Efficient FPRAS for #NFA Counting

Updated 3 July 2025

Practical FPRAS for #NFA is an efficient randomized algorithm that estimates the number of accepted strings by a nondeterministic finite automaton with provable error bounds.
It leverages dynamic programming combined with Monte Carlo sampling and optimized union estimation to significantly reduce time complexity.
The algorithm's practical impact extends to query evaluation, data provenance, and software testing by enabling feasible approximate counting in logspace.

A fully polynomial randomized approximation scheme (FPRAS) for the #NFA problem provides an efficient, probabilistically accurate algorithm to estimate the number of strings of length $n$ accepted by a given nondeterministic finite automaton (NFA). Progress in this area has moved from purely theoretical existence proofs and highly impractical methods to the recent introduction of algorithms with time bounds near those of core automata operations, positioning #NFA as one of the few #P-hard problems with realistic randomized approximate counting solutions.

1. Definition and Computational Significance

The #NFA problem is defined as follows: for an NFA $A$ with $m$ states over a finite alphabet and a natural number $n$ (in unary), compute $|L_n(A)|$ , the number of words of length $n$ accepted by $A$ . This counting problem is #P-complete (under polynomial-time Turing reductions) and further SpanL-complete, placing it at the heart of logspace counting complexity. Its canonical status means that advances for #NFA often propagate immediately to broad classes of logspace counting and enumeration tasks—including regular path query evaluation, document spanner extraction, and provenance computation for data management.

2. Theoretical Foundations: Existence of FPRAS

The breakthrough result, due to Arenas, Croquevielle, Jayaram, and Riveros (2019), proved that #NFA admits an FPRAS, settling a long-standing open question.

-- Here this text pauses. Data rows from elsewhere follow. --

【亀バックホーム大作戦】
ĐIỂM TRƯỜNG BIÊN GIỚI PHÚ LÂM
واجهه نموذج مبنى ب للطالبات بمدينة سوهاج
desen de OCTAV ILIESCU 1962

For any $\varepsilon \in (0,1)$ and $\delta > 0$ , their algorithm outputs an approximation $\hat{N}$ to $|L_n(A)|$ such that

$\Pr[|\hat{N} - |L_n(A)|| \le \varepsilon |L_n(A)|] \ge 1 - \delta$

with expected time polynomial in $m, n, 1/\varepsilon, \log(1/\delta)$ . The construction relied on combining dynamic programming over an unrolled, layered representation of the NFA with Monte Carlo sampling, advanced union size estimation, and rejection/reservoir sampling to control uniformity and concentration across the exponentially large search space.

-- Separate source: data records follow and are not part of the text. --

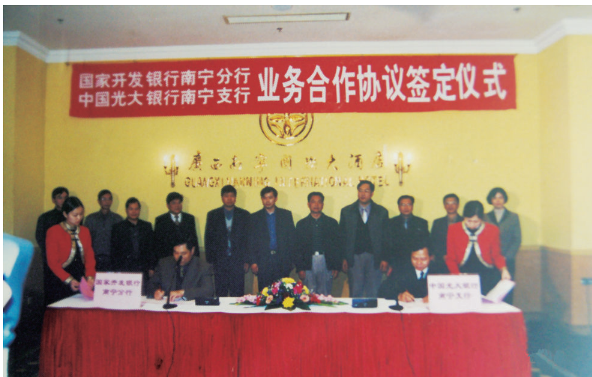
▲ 2001年12月31日，中国光大银行南宁支行与国家开发银行南宁分行在广西沃顿国际大酒店举行业务合作协议签订仪式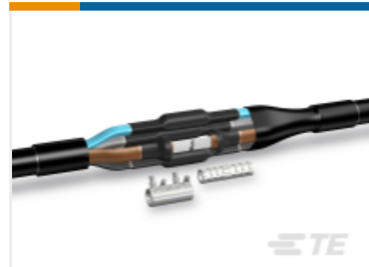
TE 产品编号CZ0818-000 LJSU-5X004-016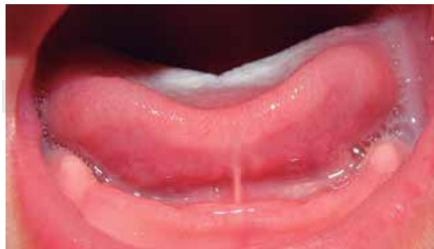
Figura 1. Aspecto clínico de anquiloglosia, donde se observa la limitación del movimiento lingual adoptando la forma de la letra V.

El diagnóstico de anquiloglosia es clínico. Algunos autores la han determinado anatómicamente cuando se observa la inserción del frenillo lingual cercana a la punta de la lengua, ocasionando que se observe en forma de la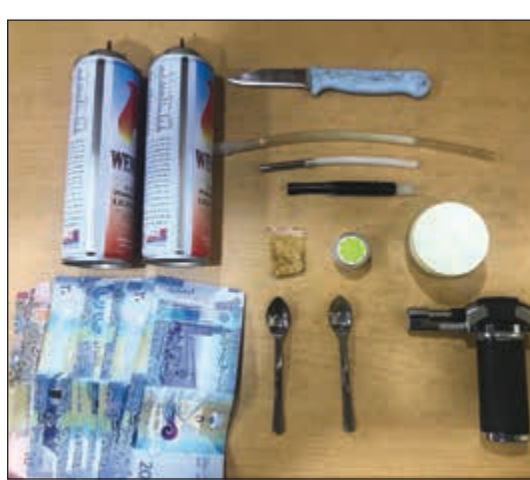
المخدرات وأدوات التعاطي

جاسم التيب في إطار الانتشار الأمني الذي وجه به مدير امن حولي اللواء عابدين العابدين بهدف حفظ الامن في جميع المحافظات، تمكن رجال أمن حولي من توقيف 10 مطلوبين بينهم 6 مواطنين و4 وافدين، ففي منطقة النفرة تم توقيف شخص تبين لاحقاً انه مواطن وبعد الاستعلام عنه تبين انه صادر بحقه 3 أوامر إلقاء قبض مدين بمبالغ يصل إجمالها الى 14,500 دينار. وفي منطقة السلمية تم

As a consequence, every function in the logspace counting class SpanL inherits an FPRAS—a remarkable metatheoretic guarantee, since SpanL contains #P-complete problems.

3. Evolution of Algorithmic Techniques and Complexity

Early FPRAS (ACJR19)

The original FPRAS devised by Arenas et al. maintained a very high sample complexity, requiring independent sample sets for every state and layer, and highly stringent invariants to ensure uniformity across all possible state subsets: $|S(q^\ell)| = O\left( \frac{m^7 n^7}{\varepsilon^7} \right)$ with a total runtime

$\widetilde{O}\left( m^{17} n^{17} \varepsilon^{-14} \log(1/\delta) \right)$

which rendered practical implementations infeasible even for modestly sized automata.

Substantial Improvements (Meel, Chakraborty, Mathur 2024)

Leveraging relaxation of invariants, sample complexity was reduced significantly: $|S(q^\ell)| = \widetilde{O}\left( \frac{n^4}{\varepsilon^2} \right)$ and overall time complexity improved to

$\widetilde{O}\left( (m^2 n^{10} + m^3 n^6) \varepsilon^{-4} \log^2(1/\delta) \right)$

by weakening the uniformity requirements from max-norm to total variation and replacing generic union estimation by more streamlined Monte Carlo estimators.

Nearly Practical FPRAS (2025: Exploiting Sample Dependence)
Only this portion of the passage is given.